▸ The task: The task for the listing below is to write out exactly the lines starting at the one containing "TAPACHULA, CHIAPAS. 03JUNIO2022.- Migrantes" and ending at the one containing "Москва. 11 марта.", both included. Pictures are to be omitted.

▸ Provided information:

=== Begin Enclosure ===

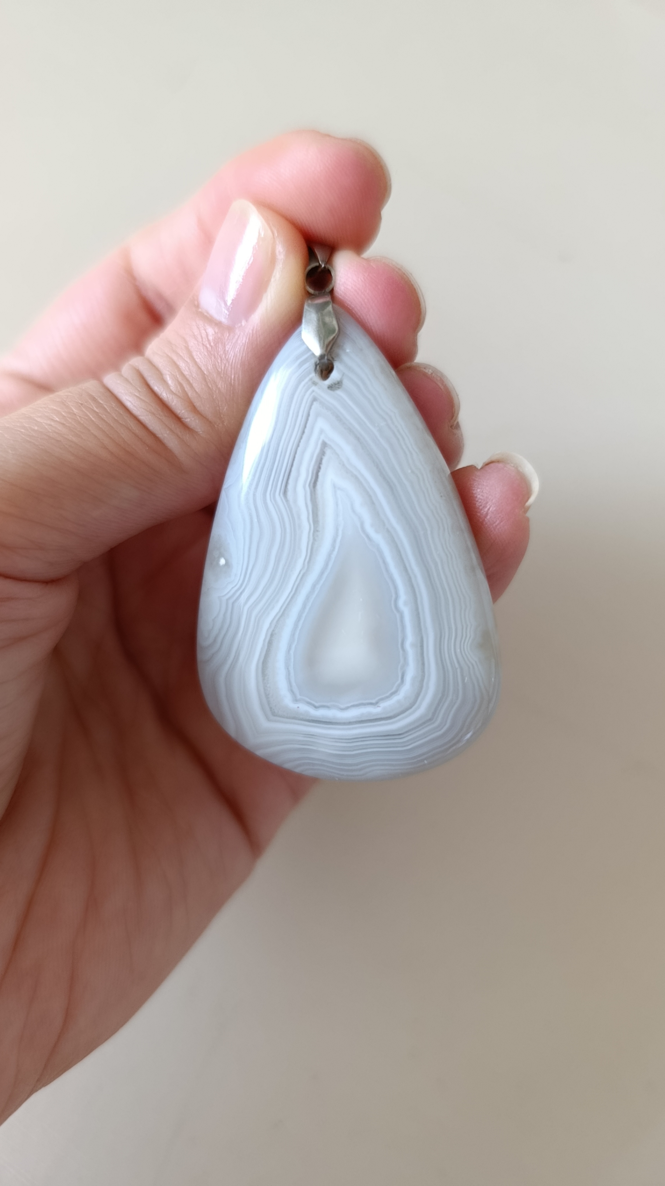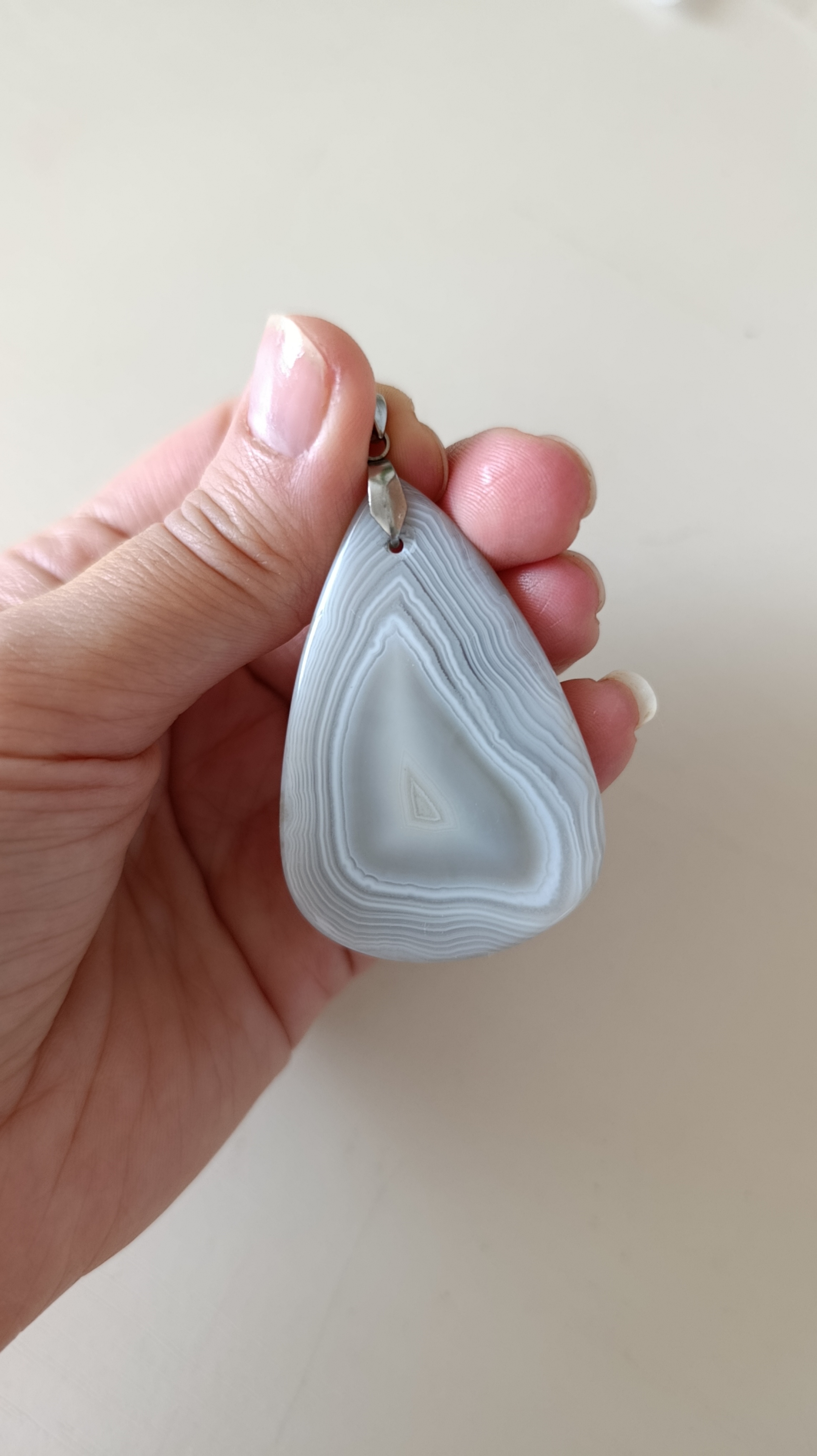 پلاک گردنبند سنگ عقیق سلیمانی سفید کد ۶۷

=== End Enclosure ===
=== Begin Enclosure ===

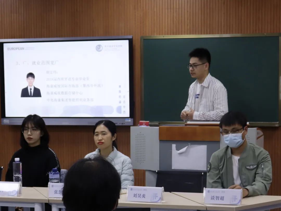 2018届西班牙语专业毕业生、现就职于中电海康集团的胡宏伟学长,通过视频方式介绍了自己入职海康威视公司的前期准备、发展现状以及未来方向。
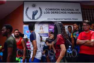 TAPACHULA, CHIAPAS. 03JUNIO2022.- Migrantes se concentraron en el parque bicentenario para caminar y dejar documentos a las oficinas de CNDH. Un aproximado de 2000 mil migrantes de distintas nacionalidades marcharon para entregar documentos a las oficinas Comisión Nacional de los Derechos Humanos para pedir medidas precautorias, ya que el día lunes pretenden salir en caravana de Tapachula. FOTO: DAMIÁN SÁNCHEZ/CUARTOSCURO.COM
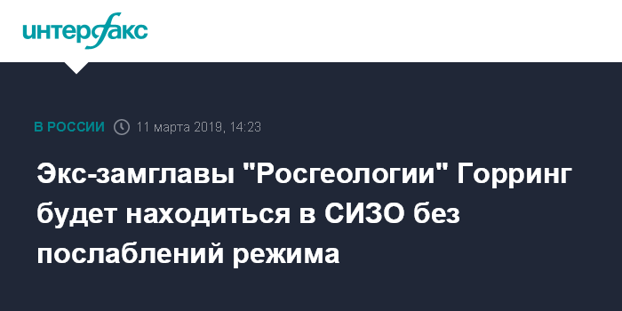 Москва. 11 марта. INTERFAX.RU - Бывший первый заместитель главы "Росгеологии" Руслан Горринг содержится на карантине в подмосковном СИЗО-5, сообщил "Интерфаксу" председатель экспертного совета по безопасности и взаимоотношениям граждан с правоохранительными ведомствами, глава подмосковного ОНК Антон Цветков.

=== End Enclosure ===

▸ Result:
 TAPACHULA, CHIAPAS. 03JUNIO2022.- Migrantes se concentraron en el parque bicentenario para caminar y dejar documentos a las oficinas de CNDH. Un aproximado de 2000 mil migrantes de distintas nacionalidades marcharon para entregar documentos a las oficinas Comisión Nacional de los Derechos Humanos para pedir medidas precautorias, ya que el día lunes pretenden salir en caravana de Tapachula. FOTO: DAMIÁN SÁNCHEZ/CUARTOSCURO.COM
 Москва. 11 марта. INTERFAX.RU - Бывший первый заместитель главы "Росгеологии" Руслан Горринг содержится на карантине в подмосковном СИЗО-5, сообщил "Интерфаксу" председатель экспертного совета по безопасности и взаимоотношениям граждан с правоохранительными ведомствами, глава подмосковного ОНК Антон Цветков.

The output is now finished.